FREQUENTLY ASKED QUESTIONS

Who is James Golding and what's his cycling story?
James Golding is a British ultra-endurance cyclist who was diagnosed with an 11.5cm tumour at age 28 and given a 5% chance of survival. He spent six months in hospital, lost eight stone, faced multiple life-threatening complications, and went on to compete in the Race Across America. He uses cycling as a vehicle for charity work and speaks publicly about the mindset shift that survival forced.
How did James Golding rebuild fitness after cancer?
By breaking impossibly large goals into the smallest achievable next step. His first goal wasn't a bike ride. It was walking to the bathroom unaided. Then walking outside. Then pedalling on a stationary bike. Then a short loop. Each milestone was small enough to be completable in the next 24-48 hours. The compounding of tiny wins is what produces a comeback that ends at the Race Across America. There is no shortcut around the small steps — there's just whether you're willing to take them.
What is the Race Across America and how hard is it?
Roughly 3,000 miles, west coast to east coast, ridden almost continuously with as little as 90 minutes of sleep per day across multiple time zones, three mountain ranges, desert heat and altitude. It is widely regarded as the hardest endurance event in cycling. For a cancer survivor riding it, the demand sits well beyond "very hard event" — it's a deliberate confrontation with what the body can still do.
How does facing death change your priorities?
Golding describes the shift as immediate, not gradual. The pre-cancer version of him was driven by status — what watch, what car, what title. The post-cancer version is driven by experience and presence. He says he wouldn't like the pre-cancer version of himself if they met today. The pattern is consistent in survivor accounts — material goals lose their grip when mortality stops being abstract.

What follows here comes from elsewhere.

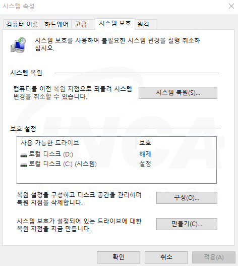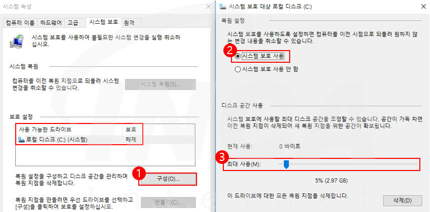 시스템 보호 화면에서 구성 버튼을 눌러 다음 [그림 2]과 같이 "시스템 보호"를 설정한다.

What's the lesson for cyclists who haven't faced something this severe?
You don't need a cancer diagnosis to apply the logic. Any rebuild — after injury, illness, divorce, burnout, a child being born, a job loss — works the same way. Massive goal, broken into the smallest achievable next step, repeated until the next step gets bigger. The comeback isn't about willpower spikes. It's about finding the smallest unit of progress and being willing to take it on the worst day of the project.